Тут феноменальная память его подводит. Он не помнит ни фирму, владеющую такси, ни цвет машины, у него даже выскочило из головы, не был ли водитель чернокожим. Скажу вам, что процентов восемьдесят ричмондских таксистов — афроамериканцы. Шандонне утверждает, что, пока его везли на место преступления — адрес он узнал из «Новостей», — передали очередной экстренный выпуск. Граждан попросили проявлять бдительность: убийца, вполне возможно, страдает редким заболеванием, с которым связана его очень необычная внешность. И дали описание гипертрихоза точь-в-точь как у Шандонне.
— Теперь не остается ни малейших сомнений, — продолжает он. — Они расставили ловушки, и теперь весь мир считает, что я убил этих несчастных из Ричмонда. Меня охватила паника, сижу на заднем сиденье такси и пытаюсь сообразить, что же делать. Спрашиваю у таксиста: «Ты не знаешь доктора, о которой только что говорили? Скарпетта?» Тот ответил, что в городе ее все знают. Я спросил, где она живет, — мол, путешествую и хотел бы увидеть местную знаменитость. Мы доехали до ее коттеджного городка, но внутрь попасть не получилось, поскольку там ворота и охрана. Только мне непременно надо было ее найти. Я вышел из такси, не доезжая до места несколько кварталов. Решил разыскать доктора во что бы то ни стало, пока еще не поздно.
— Для чего не поздно? — спрашивает Бергер.
— Пока еще кого-нибудь не убили. Я должен зайти к ней и как-то убедить открыть дверь, чтобы спокойно переговорить. Боялся, что следующей будет она. Понимаете, у них такая схема. В Париже случилось все то же самое. Эти люди уже покушались на судмедэксперта, на женщину. Хорошо, хотя бы ей повезло.
— Сэр, давайте не будем отклоняться от темы. Сейчас мы говорим о том, что произошло здесь, в Ричмонде. Расскажите, что было дальше. Итак, пятница, семнадцатое декабря, позднее утро. Что вы делали после поездки на такси?
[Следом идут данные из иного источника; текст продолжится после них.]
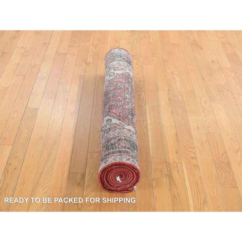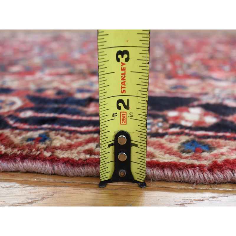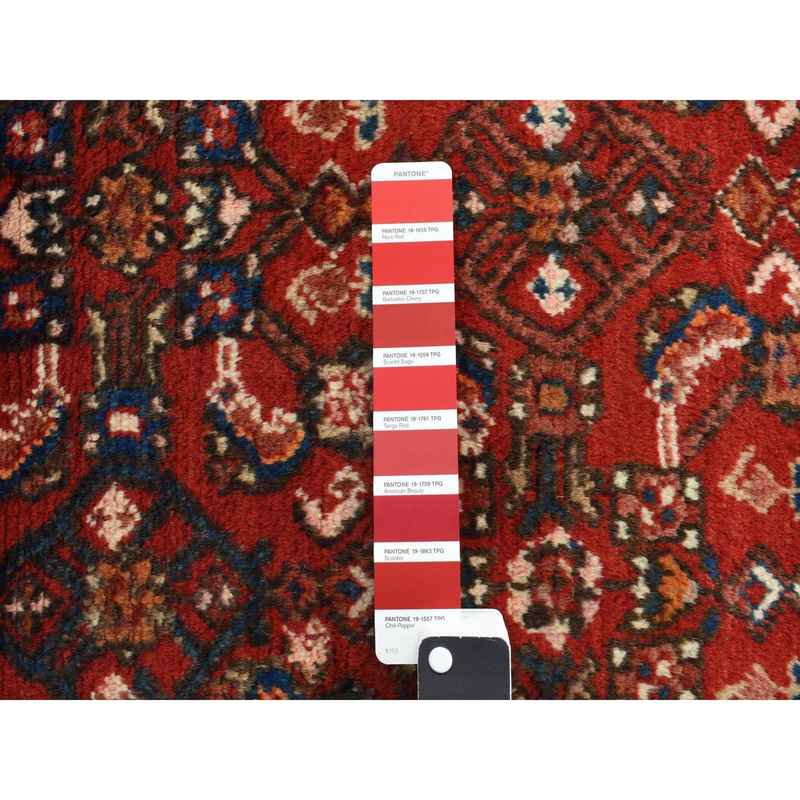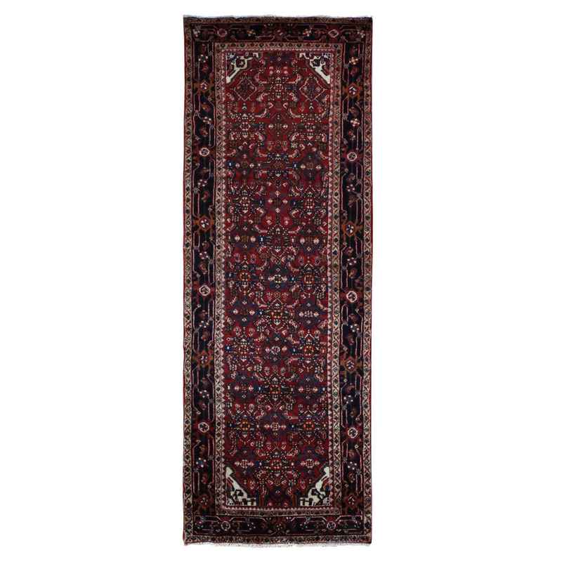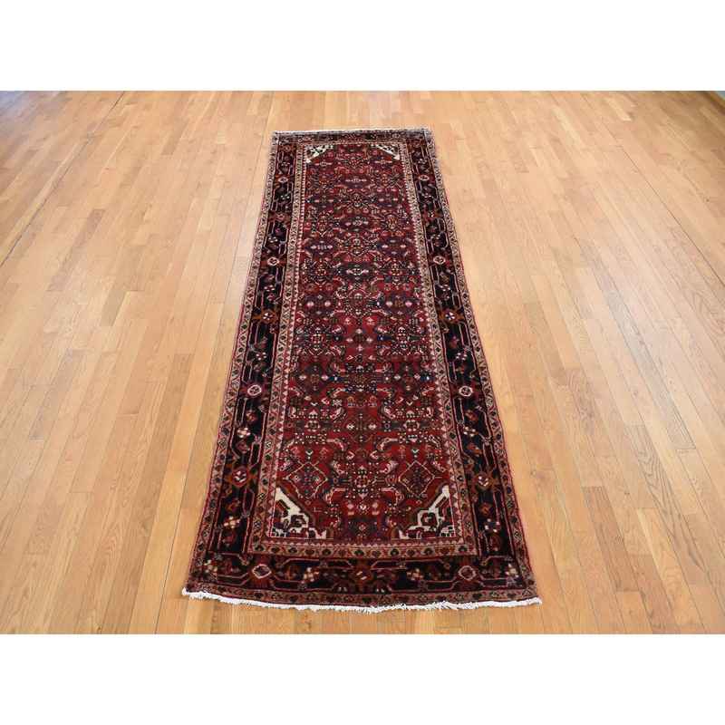 3’7″x10’2″ Fire Brick Red, Semi Antique Persian Hussainabad, Full Pile and Clean, 100% Wool, Hand Knotted, Wide Runner, Village Oriental Rug Sh78072

Чем занимались остаток дня?
— Скитался по округе.
Наткнулся у реки на заброшенное здание и зашел внутрь укрыться от непогоды.
— Вы знаете, где находится этот дом?
— Точно не скажу, где-то по соседству.
— Рядом с коттеджным городком, где живет доктор Скарпетта?
— Да.
— Вы сможете найти тот дом, где вы пережидали непогоду, сэр?
— Он не достроен. Очень большой. Особняк, где пока никто не живет. Я его узнаю.
Бергер обращается ко мне:
— Тот самый, где он предположительно обитает с тех пор, как прибыл в Ричмонд?
Киваю. Знаю этот дом. Думаю, несчастные хозяева теперь вряд ли захотят в нем жить. Шандонне говорит, что прятался в заброшенном особняке дотемна. В тот вечер он решил предпринять вылазку, а чтобы стража на воротах его не увидела, пробирался вдоль реки и проложенных за ней железнодорожных путей. Утверждает, что еще раньше стучался в мою дверь, однако никто не отозвался. Тут Бергер спрашивает меня, когда я в ту ночь вернулась домой. Отвечаю, что после восьми. Закончив работу, заехала в магазин скобяных товаров. Хотела взглянуть на инструменты — меня сильно заинтриговали необычные раны, обнаруженные на теле Дианы Брэй, и кровавые отпечатки на матрасе, оставшиеся от инструмента, которым убийца наносил удары. Именно тогда-то я наткнулась на обрубочный молоток и прикупила один для себя, а потом отправилась домой.
Шандонне продолжает: его начали терзать сомнения, приходить ли ко мне. Стало страшно: повсюду сновали полицейские машины. Один раз, когда уже стемнело, он подошел к моему дому и увидел у парадного крыльца две патрульные машины. (Они приехали после того, как Жан-Батист пытался взломать гаражные ворота, чтобы приехала полиция. Он, естественно, утверждает, что к сработавшей сигнализации не имеет никакого отношения. «Это все они — больше некому», — заявляет Шандонне. Между тем дело близилось к полуночи. Разыгралась метель.) Он спрятался за деревьями возле моего дома и ждал там, пока не уехала полиция. Теперь, по его словам, выпал последний шанс повидаться со мной. Он был твердо убежден, что его недруги уже проникли в квартал и тогда пощады мне не ждать. Так что он решился: подошел к двери и постучал.